American Thinker | William Tate | Jun. 16, 2008
10) ANWR – If Bill Clinton had signed into law the Republican Congress’s 1995 bill to allow drilling of ANWR instead of vetoing it, ANWR could be producing a million barrels of (non-Opec) oil a day–5% of the nation’s consumption. Although speaking in another context, even Democrat Senator Charles Schumer, no proponent of ANWR drilling, admits that “one million barrels per day,” would cause the price of gasoline to fall “50 cents a gallon almost immediately,” according to a recent George Will column.
9) Coastal Drilling (i.e., not in my backyard) Democrats have consistently fought efforts to drill off the U.S. coast, as evidenced by Florida Rep. Debbie Wasserman Schultz’s preotestation against a failed 2005 bill: “Not only does this legislation dismantle the bi-partisan ban on offshore drilling, but it provides a financial incentive for states to do so.”
A financial incentive? With the Chinese now slant drilling for oil just 50 miles off the Florida coast, wouldn’t that have been a good thing?

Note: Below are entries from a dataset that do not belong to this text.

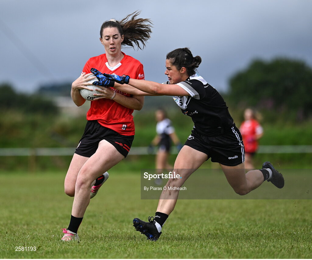 27 July 2023; Ciara Murphy of Canada in action against Elena Benoist of Brittany during day four of the FRS Recruitment GAA World Games 2023 at the Owenbeg Centre of Excellence in Dungiven, Derry. Photo by Piaras Ó Mídheach/Sportsfile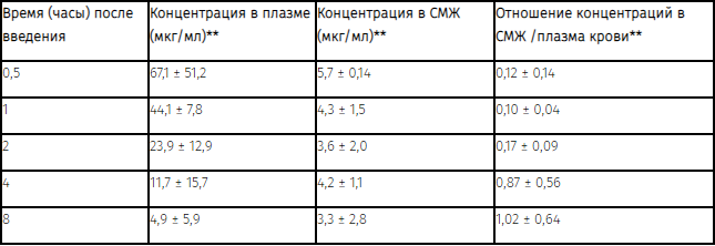 ** возраст пациентов: 3,1 месяца - 12 лет, средний возраст: 3 года. Доза препарата 50 мг/кг массы тела при внутривенном введении в течение от 5 до 20 минут каждые 8 ч. Концентрации в плазме и СМЖ определялись в конце введения на 2 или 3 день лечения препаратом.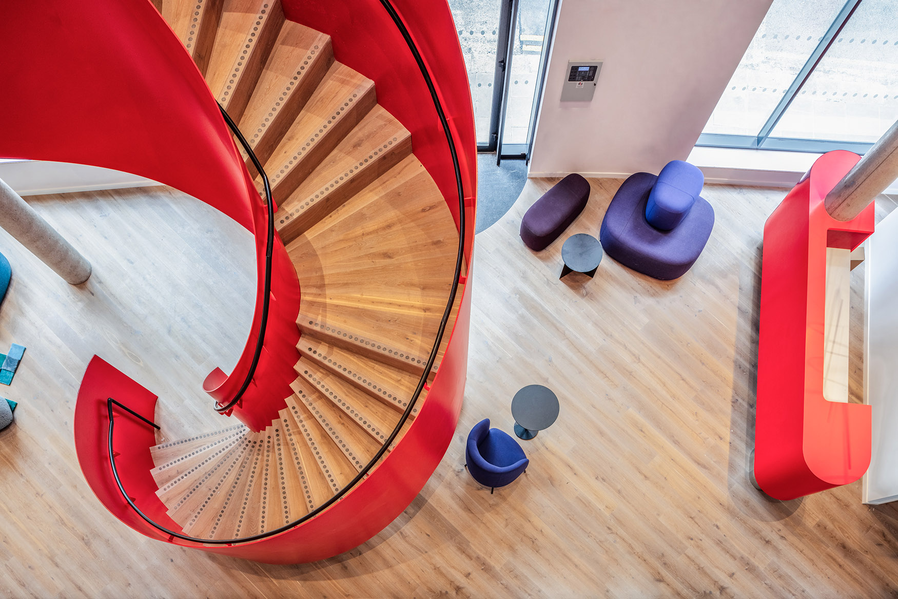 The student common room is at the courtyard podium level and is linked to the street level reception by spiral stair.
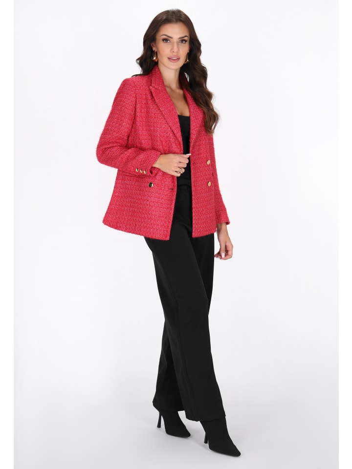 Добавьте элегантности в свои образы с этим уникальным жакетом из коллекции Fashion Look. Изготовленный из высококачественной плетеной ткани с металлической нитью, он очаровывает своим легким блеском и классическим клетчатым узором. Модель прямого кроя имеет воротник с лацканами, V-образный вырез, длинные рукава, двубортную планку и практичные карманы с клапанами. В совокупности это создает элегантный, вневременной образ, идеально подходящий для особых случаев и вечерних выходов.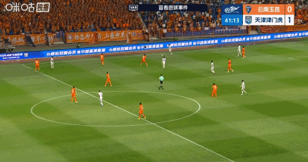 第41分鐘,王政豪后場起長傳,基萊斯單刀破門,云南玉昆0-1天津津門虎。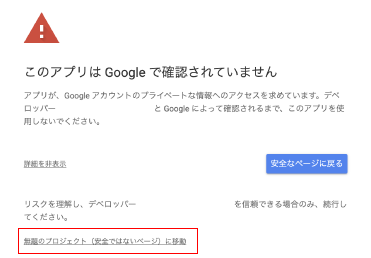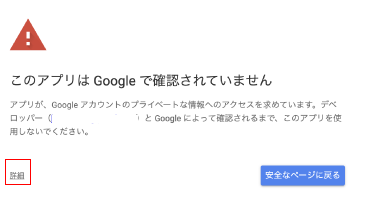 「このアプリはGoogleでは確認されていません」のページが表示されますが、「安全なページに戻る」ではなく左にある「詳細」をクリックします。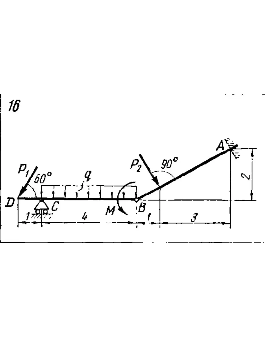 Решение задачи С5 вариант 16 из решебника по теоретической механике Яблонский А.А. 1978 г., на тему: С5 Определение реакций опор составной конструкции (система двух тел) (стр. 29 задачника)..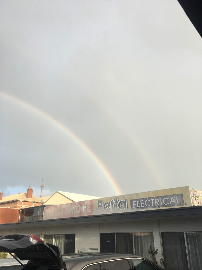 It was about a 50 minute scoot over the farmlands towards Victor Harbor, driving through slightly greener farmland that we had seen on the island and with much less roadkill at the side of the road. It wasn’t too different to Northumberland to be honest, just a bit drier and with much more weirdly shaped trees. Eventually we dropped down into the town and, compared to our week on the Island it was a bit weird to see such a big old town. It had a McDonalds and a main shopping street! It was a lovely place, it felt like a proper seaside town, a tourist destination rather than a nature reserve if that makes sense? We drove down the main street to the motel we had booked and it was right in the middle of the town centre, perfect for us. We checked in and drove down to the parking space right outside our room which looked to have been either recently built or recently renovated as it looked very clean, neat and new. The kids were in a room with a bunk bed and a single and we had a double bed with a big old TV and plenty of space for suitcases and kit. There was even a little kitchen with a fridge and kettle! It was simple but perfect for what we needed for our one night stay over.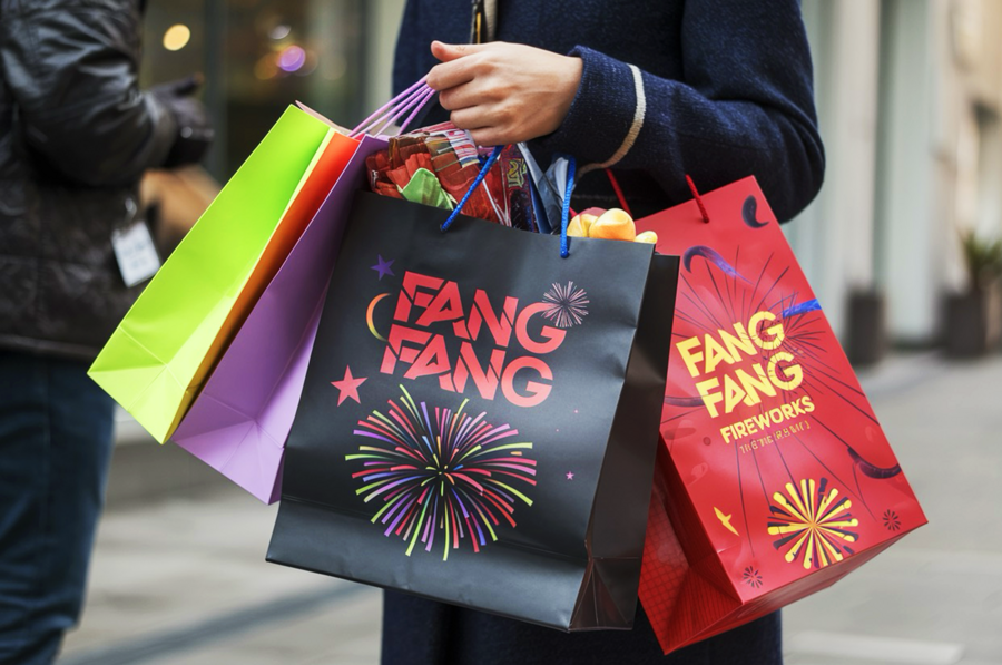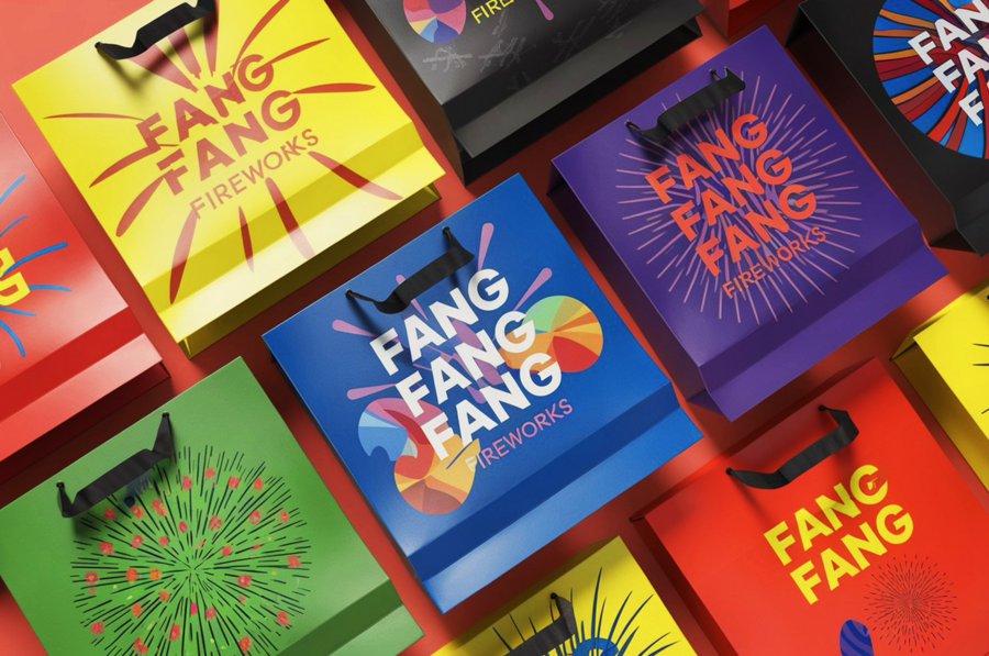 /imagine prompt: generate a variety of shopping bags with fireworks for the FANG FANG fireworks brand using bright and neon colors. Shapes should be very simple and geometric, show different types of fireworks

8) Insistence on alternative fuels One of the first acts of the new Democrat-controlled congress in 2007 was an energy bill that “calls for a huge increase in the use of ethanol as a motor fuel and requires new appliance efficiency standards.” By focusing on alternative fuels such as ethanol, and not more drilling, Democrats have added to the cost of food, worsening starvation problems around the word and increasing inflationary pressures in the U.S., including prices at the pump.
7) Nuclear power Even the French, who sometimes seem to lack the backbone to stand up for anything other than soft cheese, faced down their environmentalists over the need for nuclear power. France now generates 79% of its electricity from nuclear plants, mitigating the need for imported oil. The French have so much cheap energy that France has become the world’s largest exporter of electric power. They have plans in place to build more reactors, including an experimental fusion reactor.
The last nuclear reactor built in the United States, according to the US Dept of Energy, was the “River Bend” plant in Louisiana. Its construction began in March of 1977. Need I say more?
6) Coal “The liquid hydrocarbon fuel available from American coal reserves exceeds the crude oil reserves of the entire world,” writes Dr. Arthur Robinson in an article on humanevents.com. The U.S. has approximately one-fourth of the world’s known, proven coal reserves. Coal would be a proven, and increasingly clean, source of electric power and–at current prices–a liquified fuel that would reduce our dependence on foreign oil. Yet Dems and their enviro friends have fought, and continue to fight, both coal-mining and coal plants.
5) Refinery capacity “High oil prices are still being propped up by a shortage of refinery capacity and there is little sign of the bottleneck easing until 2010,” according to Peak Oil News. And, while voters in South Dakota have approved zoning for what could become the first new oil refinery in the United States in 30 years, the Dems’ environmentalist constituency vows to oppose it, just like environmentalists opposed the floodgates that could have saved New Orleans from Hurricane Katrina.